Clinical nurse leaders are followed because there is a match between the leader's values and beliefs and their actions . Working together as a community of nurse leaders will be essential to the success of this or any other innovative attempt to change the practice of nursing in our care settings. Identifying stakeholders with the influence and courage to initiate the necessary changes to nursing practice is a key first step. Nursing associations, practice partners, academic institutions, and providers of healthcare must all be willing to come to the table to participate in this effort. Leaders in nursing must be willing to create spaces for dialogue and decision making. We may all not agree on the details of the CNL role or even the fact that we need one. But we must all engage in the conversation in an effort to find solutions. By considering the proposal and the subsequent pilot programs as a “work in progress,” nursing as a discipline will learn to be more comfortable living with the ambiguity and uncertainty as we systematically and scientifically find a better way to serve our patients.

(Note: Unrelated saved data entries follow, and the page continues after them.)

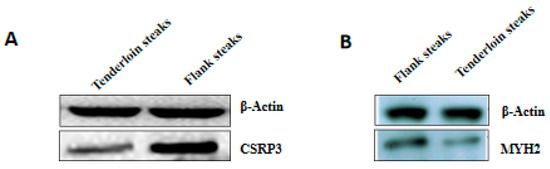Figure 3. The relative expression levels of CSRP3 (A) and MYH2 (B) proteins between tenderloin and flank steaks in beef cattle. β-actin was used as an internal reference protein.
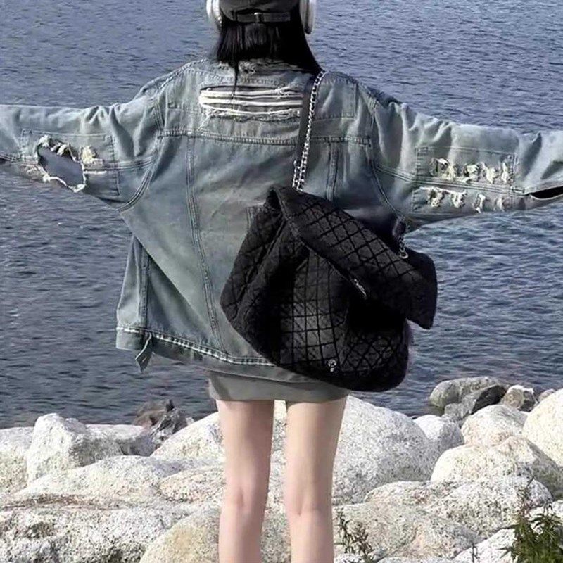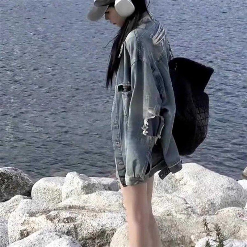 美式复古牛仔夹克外套女春秋2025新款宽松百搭水洗破洞开衫上衣潮
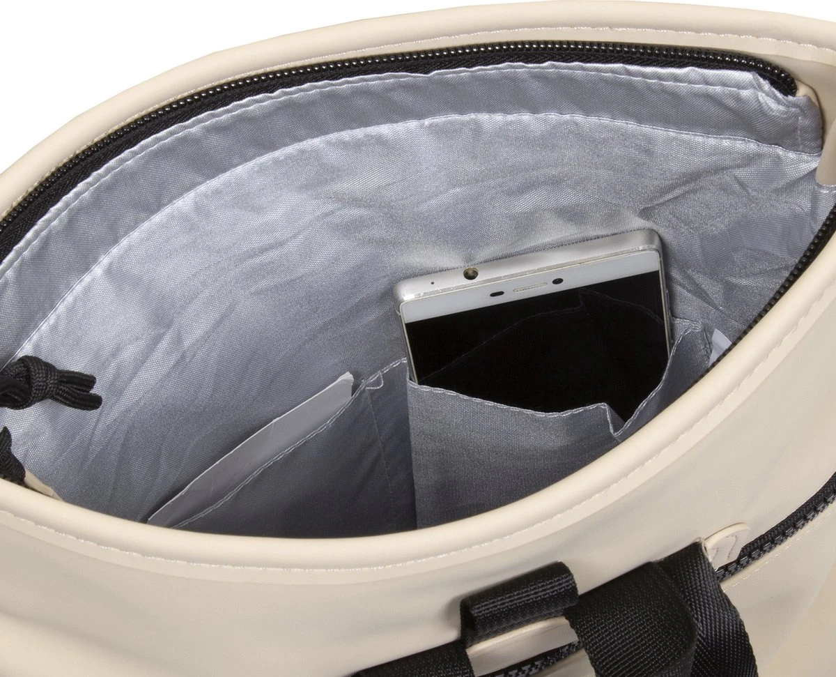 Deze trendy waterafstotende rugtas draagt comfortabel door het lichtgewicht en de gewatteerde schouderbanden. Toch behoudt deze rugzak zijn charme door de fijne vormgeving. Het hoofdvak is eenvoudig te vergroten of verkleinen door het oprol gedeelte aan de bovenkant. Hierdoor kun je tot 10 cm meer ruimte creëren. Het hoofdvak is afsluitbaar met een stevige rits en een gespsluiting die als een zwarte strook doorloopt in het design. In het zilverkleurige hoofdvak zitten twee insteekvakjes en een ritsvakje voor bijvoorbeeld je telefoon. Op de voorkant en achterkant van de rugzak zit ook een extra ritsvak, handig voor kleine spullen waar je snel bij moet kunnen. Het stevige handvat zorgt ervoor dat de tas eenvoudig op te pakken en op te hangen is. Deze New Rebels tugtas beschikt over: * Waterproof PU materiaal * Rolltop aan de bovenzijde met gespsluiting * Een hoofdvak met ritssluiting (9L bij volledig uitrollen) * Twee binnenvakjes * Binnenvak met ritssluiting * Voorvak met ritssluiting * Achtervak met ritssluiting * Verstelbare en gewatteerde schouderbanden * Handvat * Reflectiestrip
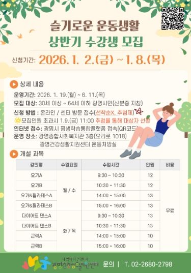 [참좋은뉴스= 기자] 광명시 광명건강생활지원센터는 새해를 맞아 시민들의 건강한 생활습관 형성과 만성질환 예방을 위해 2026년 상반기 ‘슬기로운 운동생활’ 운동 프로그램 참여자를 모집한다.

The Clinical Nurse Leader is an emerging nursing role developed by the American Association of Colleges of Nursing (AACN) in collaboration with an array of leaders from the practice environment. Two AACN task forces were convened to identify:
- How to improve the quality of patient care and
- How to best prepare nurses with the competencies needed to thrive in the current and future health care system.
The Clinical Nurse Leader role emerged following several years of research and discussion with stakeholders as a way to engage highly skilled clinicians in outcomes-based practice and quality improvement strategies. The CNL is an advanced generalist clinician with education at the master's degree level. Graduate education is necessary because the CNL must bring a high level of clinical competence and knowledge to the point of care and to serve as a resource for the nursing team. The master’s degree with a major in nursing will prepare graduates for an advanced generalist role.
The CNL provides and manages care at the point of care to individuals, clinical populations and communities. In this role, the CNL is responsible for the clinical management of comprehensive client care, for individuals and clinical populations, along the continuum of care and in multiple settings, including virtual settings. The CNL is responsible for planning a patient’s contact with the health care system. The CNL also is responsible for the coordination and planning of team activities and functions. In order to impact care, the CNL has the knowledge and authority to delegate tasks to other health care personnel, as well as supervise and evaluate these personnel and the outcomes of care. Along with the authority, autonomy and initiative to design and implement care, the CNL is accountable for improving individual care outcomes and care processes in a quality, cost-effective manner.